* [Dataset content]:
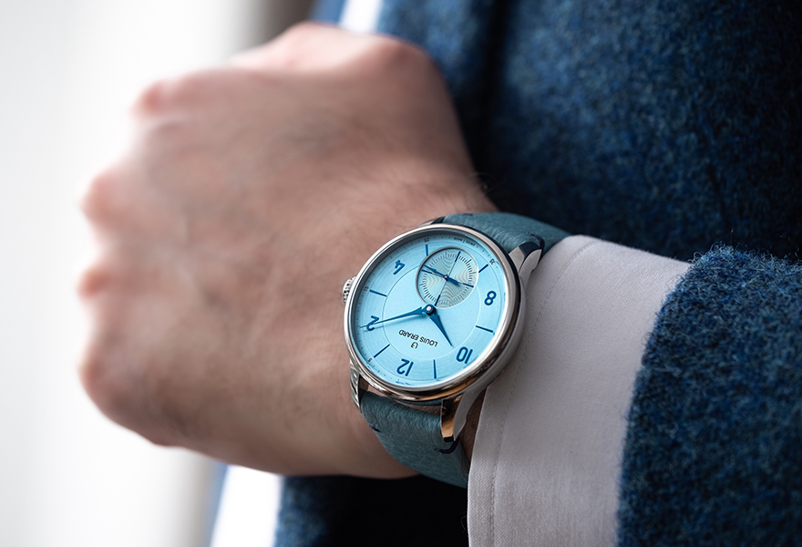 ルイ・エラールで注目されるコレクション、エクセレンス スモールセコンドの3本の新モデルが加わった。クラシックとモダンが交差するデザインに、鮮やかな3色が気品を添える。
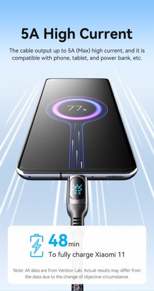 A Vention TAYBAV TAYBAV kábel intelligens LED kijelzővel van felszerelve, amely valós idejű információkat nyújt a töltési sebességről és a leadott teljesítményről. Ez megkönnyíti a töltési folyamat nyomon követését és a hatékonyság optimalizálását. Ezenkívül a kábel automatikusan túltöltésvédelmi üzemmódba kapcsol, amikor az akkumulátor közeledik a teljes töltöttséghez, így a kábelt hosszú időre is biztonságosan bedugva hagyhatja.
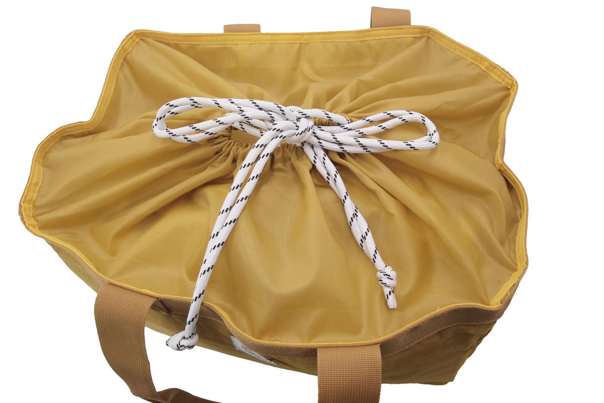 巾着タイプなので、荷物が多くなっても開口部が空いたままにならず、中に入れた物がはみ出たり、落ちたりせずに収納した物を守ります。目隠しとしても大活躍。また、冷気を逃しにくい効果もあります。

* [The task]: What is needed is the whole listing again, exactly as written, with the images left out.

* [Output for this exercise]:
 ルイ・エラールで注目されるコレクション、エクセレンス スモールセコンドの3本の新モデルが加わった。クラシックとモダンが交差するデザインに、鮮やかな3色が気品を添える。
 A Vention TAYBAV TAYBAV kábel intelligens LED kijelzővel van felszerelve, amely valós idejű információkat nyújt a töltési sebességről és a leadott teljesítményről. Ez megkönnyíti a töltési folyamat nyomon követését és a hatékonyság optimalizálását. Ezenkívül a kábel automatikusan túltöltésvédelmi üzemmódba kapcsol, amikor az akkumulátor közeledik a teljes töltöttséghez, így a kábelt hosszú időre is biztonságosan bedugva hagyhatja.
 巾着タイプなので、荷物が多くなっても開口部が空いたままにならず、中に入れた物がはみ出たり、落ちたりせずに収納した物を守ります。目隠しとしても大活躍。また、冷気を逃しにくい効果もあります。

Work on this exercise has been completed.